С неимоверной скоростью видения проносились в голове Софьи. Казалось, что поток будет бесконечным. Но вдруг его остановил неожиданный окрик:

– Осторожно, скоты! Ведь вы же раздавите эту тоненькую барышню!

Сильные руки извлекли её из толпы, подняли над агрессивным людским водоворотом и опустили где-то вне шума и суеты. Очень скоро ей стало легче. Открыв глаза, она увидела, что лежит на полу, на подложенном ей под голову каком-то тряпье. Рядом улыбающееся женское лицо объявило:

– Ну и ну, как же Вы нас напугали, барышня! Мы уж думали, что… Если бы не Вася, Вы бы точно остались там навсегда.

К женскому присоединилось лицо мужчины.

– Это он вытащил Вас из толпы. Как ребёнка, – добавила женщина.

Мужчина лишь улыбнулся, а затем сказал:

– С Вами всё будет в порядке, барышня. Но берегите себя, не ходите больше одна. Сейчас не время разгуливать по улицам беззащитным барышням вроде Вас. Вас чуть не раздавили. Куда позволите отвезти?

Софья всё ещё не оправилась от оцепенения.

Эти люди… Что со мной случилось?

– Будет опасно оставлять Вас здесь одну. Вы хотите, чтобы мы отвезли Вас домой? – спросил снова женский голос.

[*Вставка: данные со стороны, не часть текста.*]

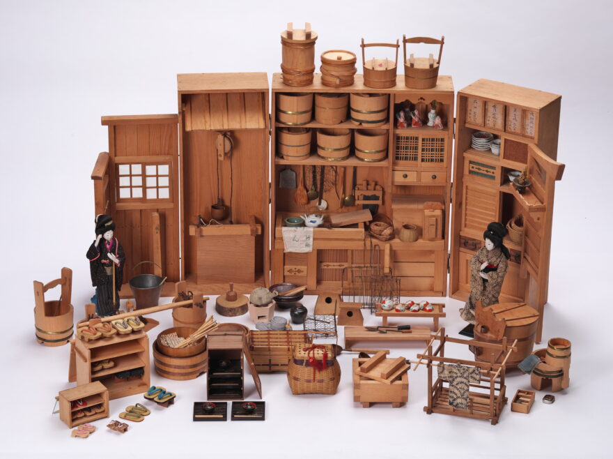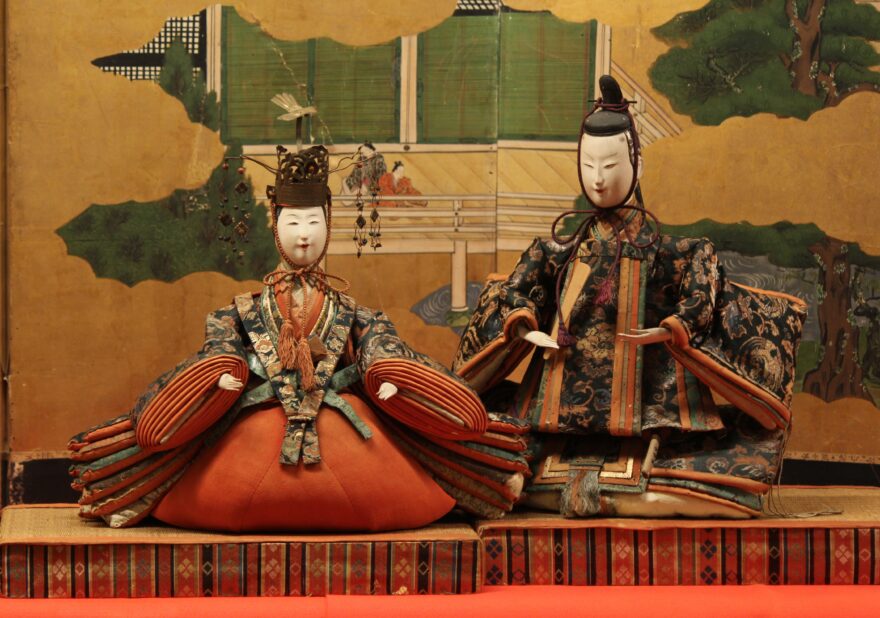 雛まつりの起源のひとつは、平安時代の貴族社会で日常的に行われていた少女たちの「ひゐな遊び」に求められますが、桃の節句にあわせて雛人形や雛道具を贈答したり、女性たちがそれらの人形で遊んだり、飾り付けたりするようになったのは江戸時代に入ってからのことです。

Софья сделала попытку подняться и вскрикнула от боли. Тело не выдерживало движений. Она вопросительно подняла глаза на женщину.

Что со мной случилось?

– Не волнуйтесь, ничего страшного. Я уже проверила Вас. С Вами всё ничего. Просто толпа навалилась. Несколько дней в постели помогут. Но скажите, куда Вас отвезти? – Уловив в глазах Софьи испуг, женщина добавила: – Да не бойтесь Вы нас, барышня. Мы бедные, но не бандиты. Если предпочитаете, мы можем найти Вам извозчика.

Софья слабо кивнула.

Теперь уже невозможно ходить по улице даже при свете дня. Давид предупреждал, но мне нужно было выйти. Кто мог подумать, что, просто выйдя из дома, можно подвергнуть свою жизнь опасности? Если бы не помощь этих людей… В какое время мы живём… Эти люди спасли меня, но я не знаю, кто они… Нет, всё же лучше, если они не будут сопровождать меня.

Через несколько минут, оставив паре спасителей несколько монет в благодарность, Софья при помощи извозчика с трудом села в коляску.

Уже дома, пока она пыталась избавиться от грязной порванной одежды, появился Давид. Его испуганное лицо красноречиво свидетельствовало о том, в каком виде предстала перед ним жена. Он попробовал помочь, но его остановил вскрик.

– Так больно, милая?

Но Софья вскрикнула не от боли. Она почувствовала внезапный укол, от которого её волосы встали дыбом.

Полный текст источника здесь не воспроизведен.